One thing that I like to look at when assessing income shares is a company's ability to grow its dividend in the future.
After all, a company that can grow its dividend at an above-average rate can turn an average yield into a fantastic yield in just a few years.
Three shares which I believe could be capable of achieving this are listed below:
Amaysim Australia Ltd (ASX: AYS)
While I'm not especially bullish on the telco industry as a whole, I do think that Amaysim is better positioned than most to grow at a solid rate in the coming years. This is due to its diversification away from just offering mobile phone plans. Amaysim now provides low-cost unlimited Amaysim-branded NBN plans and energy plans through its Click Energy business.
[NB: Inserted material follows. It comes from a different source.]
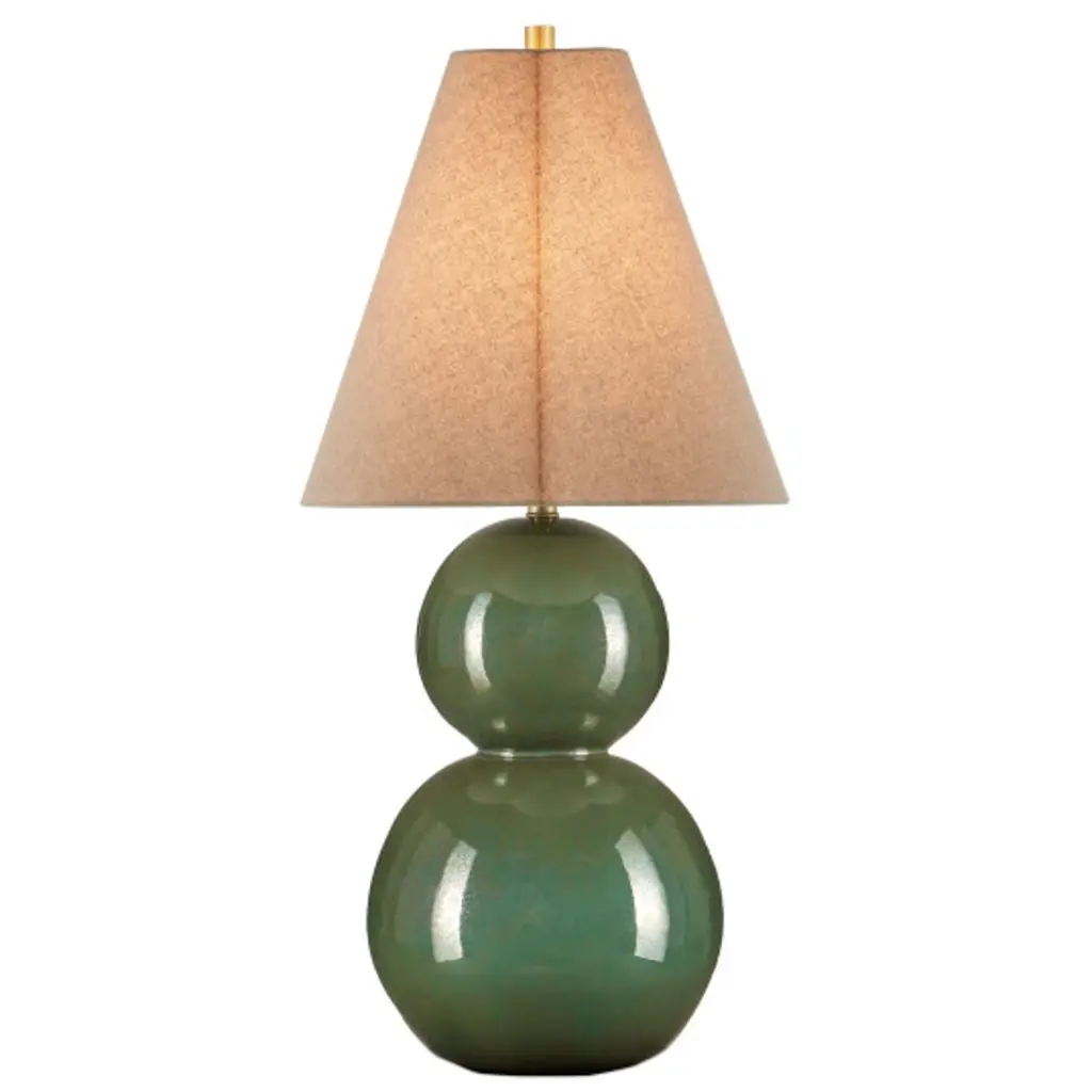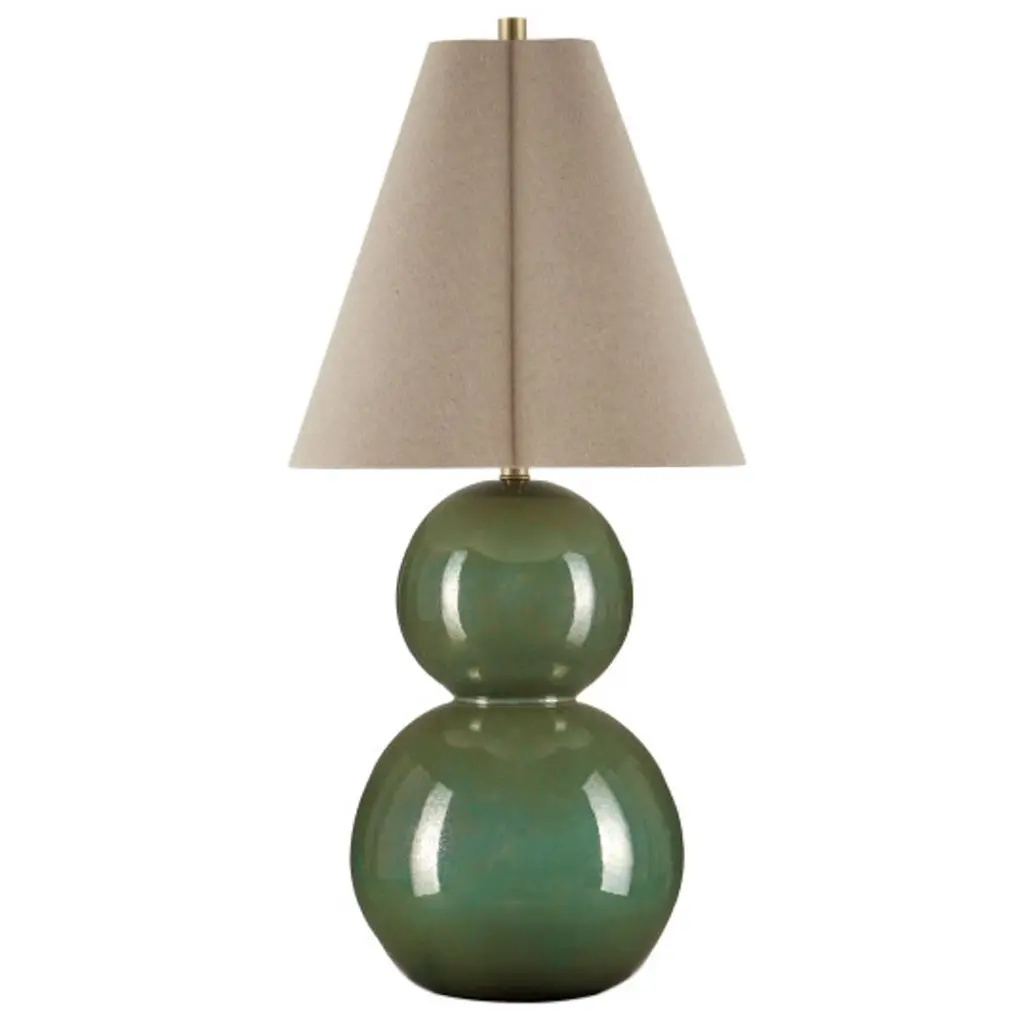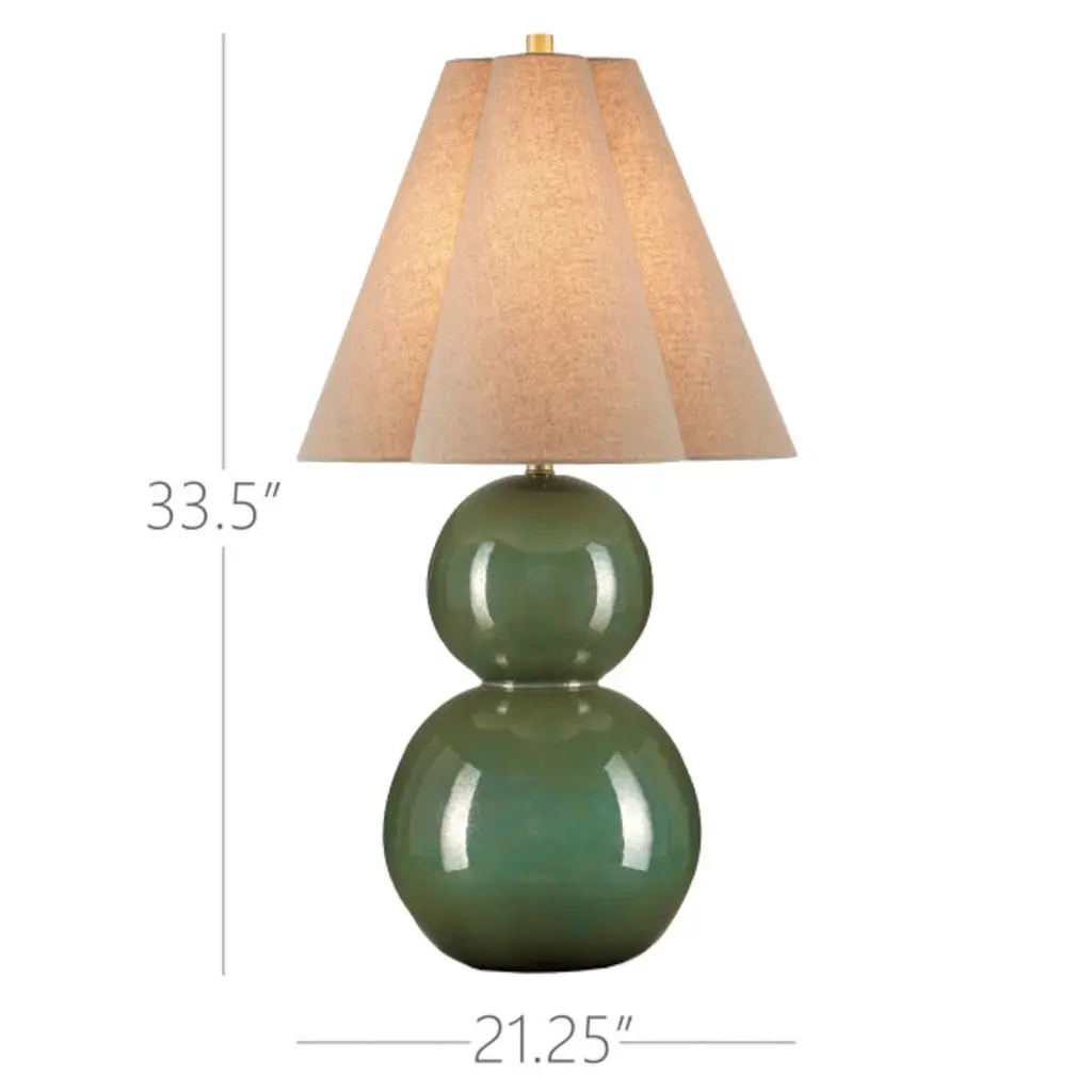 The Kindred Table Lamp features a double stacked-orb silhouette crafted from ceramic with a rich, mottled effect. The surface has a high-gloss sheen that adds striking luminosity. A clover-shaped shade that tapers upward brings an unexpected touch to the design. At 34.5 inches tall, this well-proportioned lamp is sized to stand out, making it a bold accent.
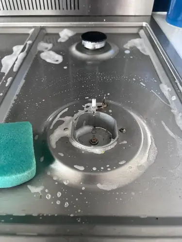 4. For heavy soiling, spray the surface down and leave on for 30-60 minutes. Scrub the surface with a non-scratch pad to remove heavy fatty deposits. Once softened then wipe the surface down.

I believe this puts it in a great position to continue growing its dividend which currently provides investors with a trailing partially franked 4.4% yield.
Baby Bunting Group Ltd (ASX: BBN)
Although I'm a touch doubtful that this baby product retailer will be able to increase its dividend this year, I believe once the short-term headwinds it faces ease it will resume its strong growth. Baby Bunting has been a victim of its own success this year and has been impacted by clearance sales from closing competitors. But once these clearance sales are out of the way, I expect Baby Bunting will be free to gain even more market share and deliver solid earnings and dividend growth. At present its shares provide a trailing fully franked 4.6% dividend.
Helloworld Ltd (ASX: HLO)
At present this travel company's shares only offer investors a trailing fully franked 2.9% dividend. But with management confident that demand for its integrated service offering will continue to develop and grow, I believe Helloworld has the potential to become a dividend star in the future. In FY 2018 EBITDA is forecast to increase upwards of 21% year-on-year and I expect its dividend will grow at a similarly strong rate.